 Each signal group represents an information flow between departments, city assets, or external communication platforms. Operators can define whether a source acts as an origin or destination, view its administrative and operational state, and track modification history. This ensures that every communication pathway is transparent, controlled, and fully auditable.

--

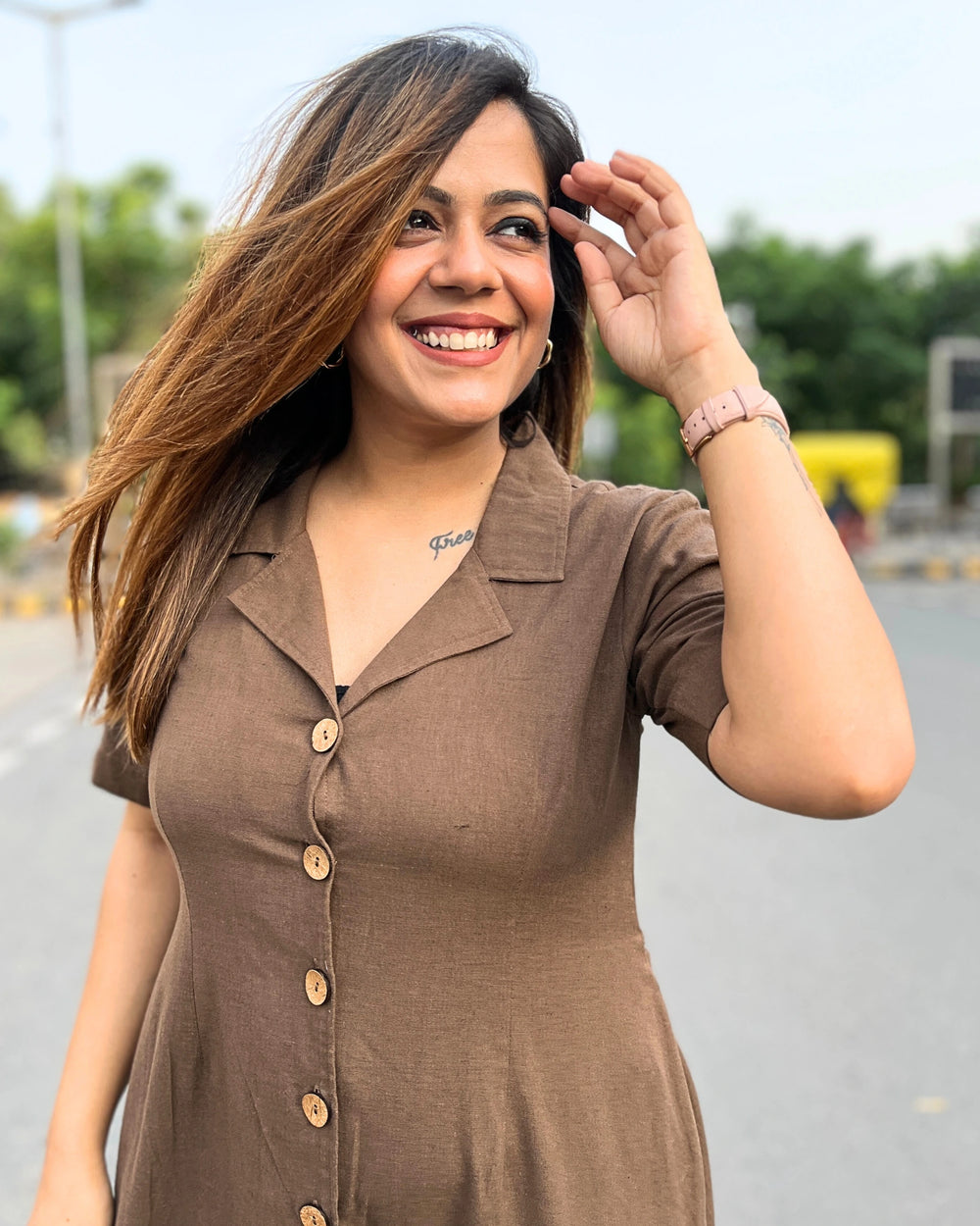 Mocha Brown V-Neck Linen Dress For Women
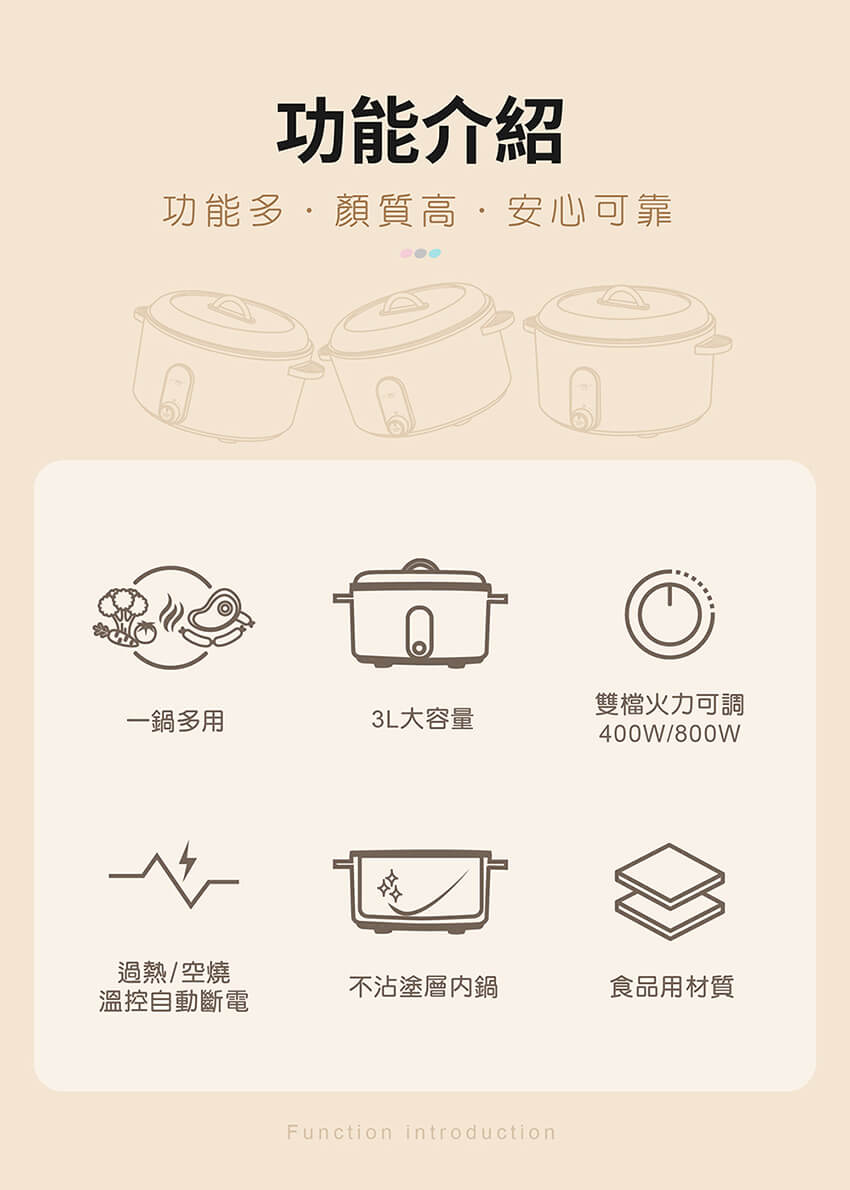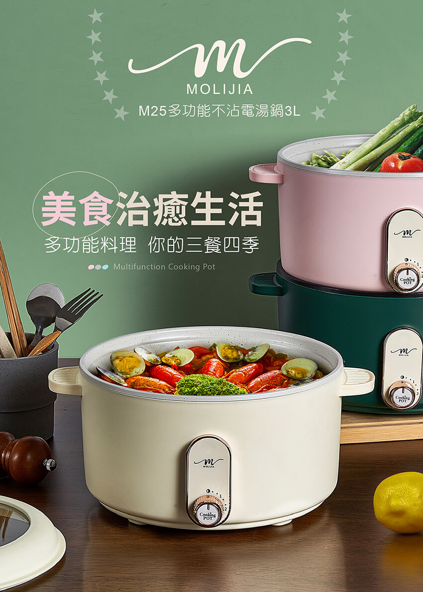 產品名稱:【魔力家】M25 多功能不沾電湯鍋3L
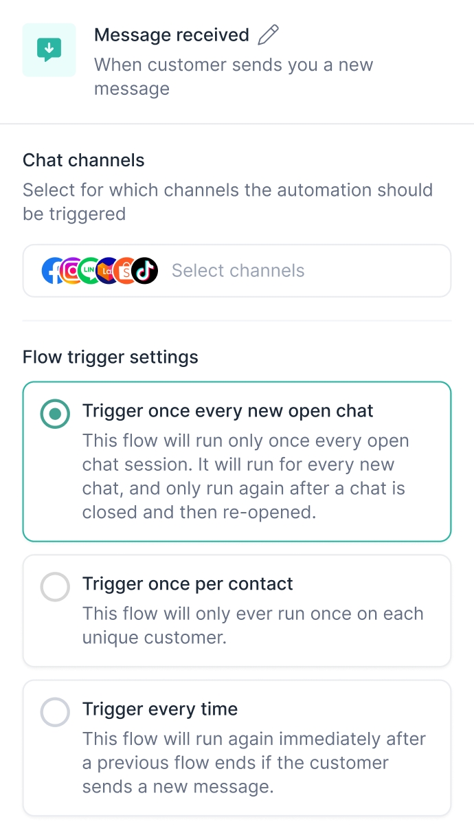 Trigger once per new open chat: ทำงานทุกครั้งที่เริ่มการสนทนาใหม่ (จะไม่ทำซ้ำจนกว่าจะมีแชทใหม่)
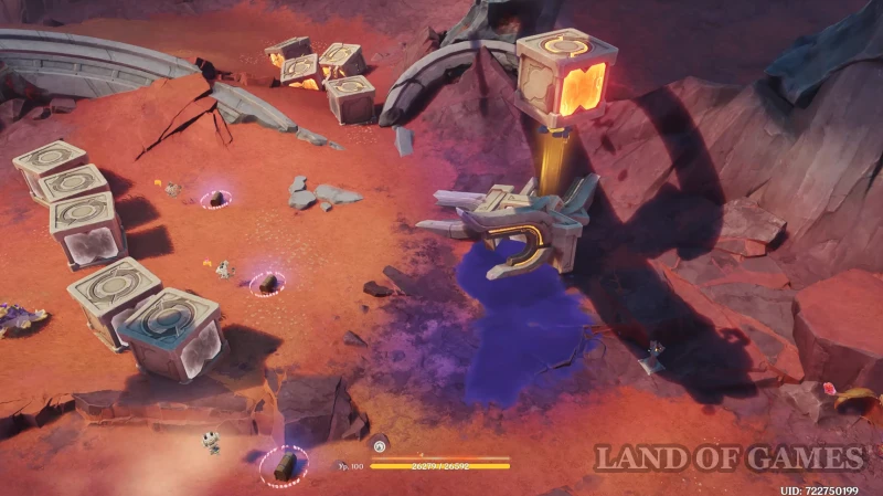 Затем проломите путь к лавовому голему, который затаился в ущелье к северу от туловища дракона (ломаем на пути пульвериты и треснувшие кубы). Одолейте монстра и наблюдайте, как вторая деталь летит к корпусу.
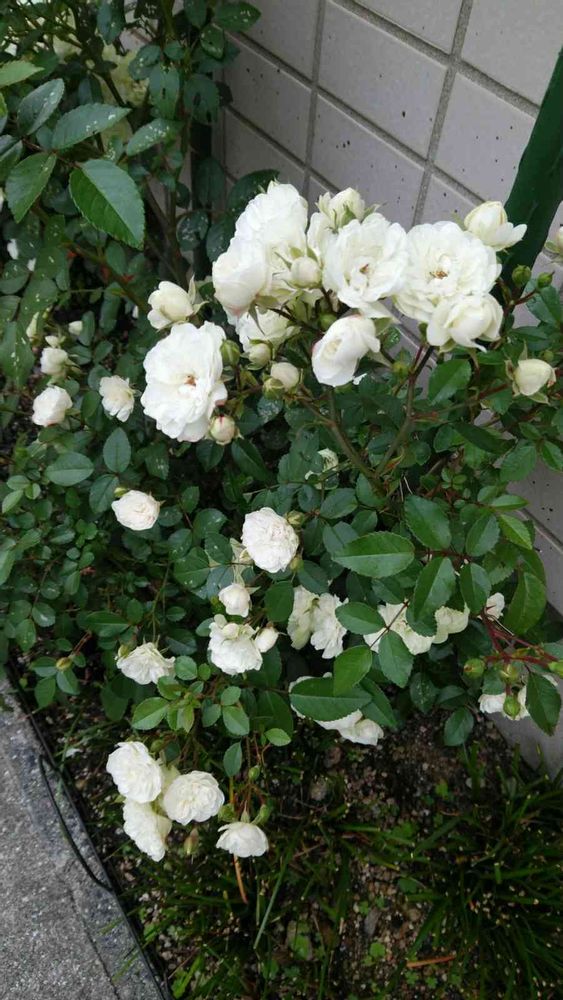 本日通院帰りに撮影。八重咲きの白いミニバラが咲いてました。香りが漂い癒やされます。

_Your goal_. Start with the line with "Trigger once per" in the listing above and stop after the line with "本日通院帰りに撮影。八重咲き". Write out exactly the lines in that stretch and no others, without pictures.

_Response area_.
 Trigger once per new open chat: ทำงานทุกครั้งที่เริ่มการสนทนาใหม่ (จะไม่ทำซ้ำจนกว่าจะมีแชทใหม่)
 Затем проломите путь к лавовому голему, который затаился в ущелье к северу от туловища дракона (ломаем на пути пульвериты и треснувшие кубы). Одолейте монстра и наблюдайте, как вторая деталь летит к корпусу.
 本日通院帰りに撮影。八重咲きの白いミニバラが咲いてました。香りが漂い癒やされます。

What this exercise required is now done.